Aim of the task
Every line below from the one containing "A recent post" through the one containing "Sejumlah calon penumpang" is to be printed exactly, with the pictures omitted.

Entries provided
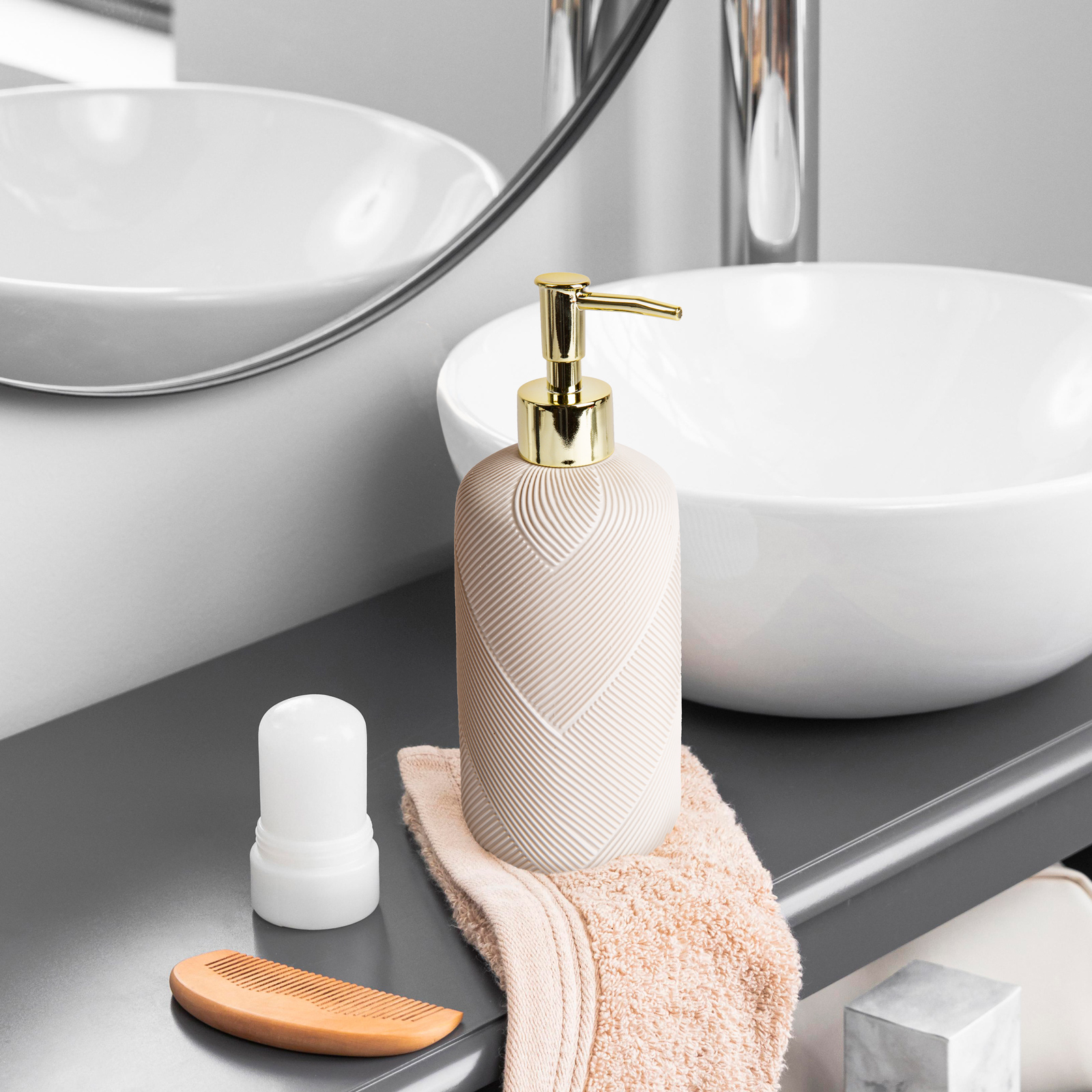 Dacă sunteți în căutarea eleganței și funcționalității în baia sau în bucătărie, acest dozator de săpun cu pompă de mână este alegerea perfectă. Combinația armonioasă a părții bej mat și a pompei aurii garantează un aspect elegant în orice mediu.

...

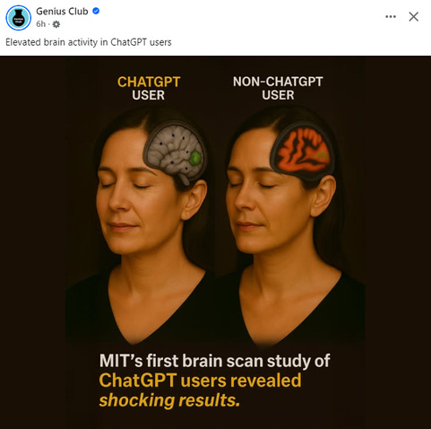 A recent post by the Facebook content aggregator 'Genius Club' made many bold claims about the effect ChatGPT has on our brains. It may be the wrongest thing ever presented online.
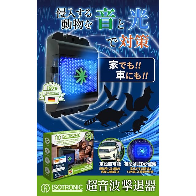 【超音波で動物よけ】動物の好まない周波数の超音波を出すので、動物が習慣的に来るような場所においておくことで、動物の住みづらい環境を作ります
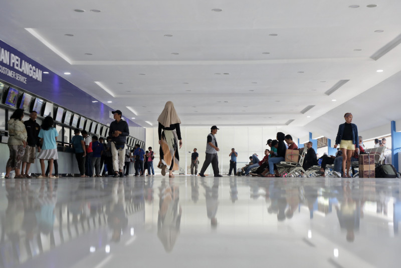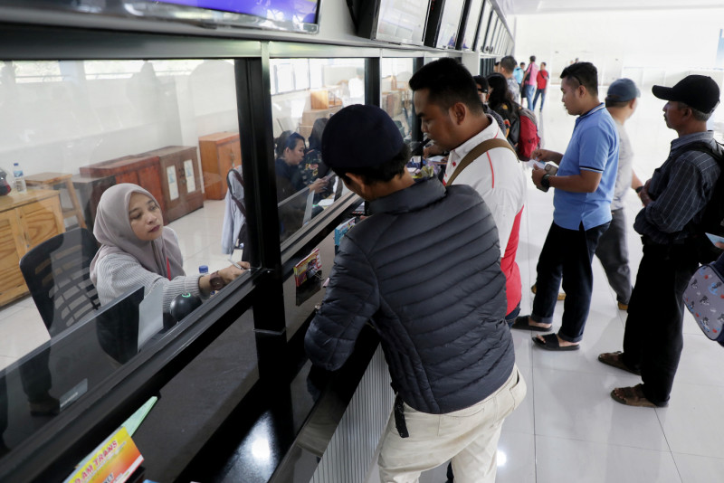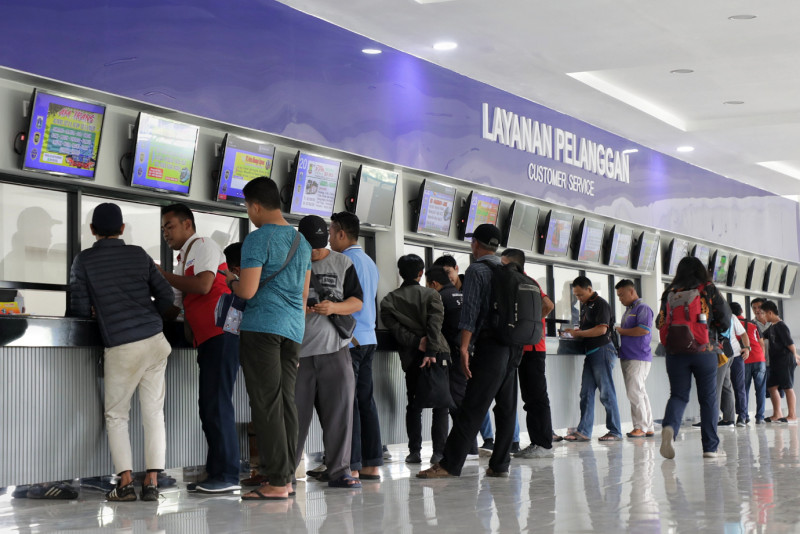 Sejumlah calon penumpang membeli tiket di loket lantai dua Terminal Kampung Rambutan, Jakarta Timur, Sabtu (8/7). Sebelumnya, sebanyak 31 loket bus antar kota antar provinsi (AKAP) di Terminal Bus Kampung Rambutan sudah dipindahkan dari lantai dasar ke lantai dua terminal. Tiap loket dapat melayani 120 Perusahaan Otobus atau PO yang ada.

Response to this task
 A recent post by the Facebook content aggregator 'Genius Club' made many bold claims about the effect ChatGPT has on our brains. It may be the wrongest thing ever presented online.
 【超音波で動物よけ】動物の好まない周波数の超音波を出すので、動物が習慣的に来るような場所においておくことで、動物の住みづらい環境を作ります
 Sejumlah calon penumpang membeli tiket di loket lantai dua Terminal Kampung Rambutan, Jakarta Timur, Sabtu (8/7). Sebelumnya, sebanyak 31 loket bus antar kota antar provinsi (AKAP) di Terminal Bus Kampung Rambutan sudah dipindahkan dari lantai dasar ke lantai dua terminal. Tiap loket dapat melayani 120 Perusahaan Otobus atau PO yang ada.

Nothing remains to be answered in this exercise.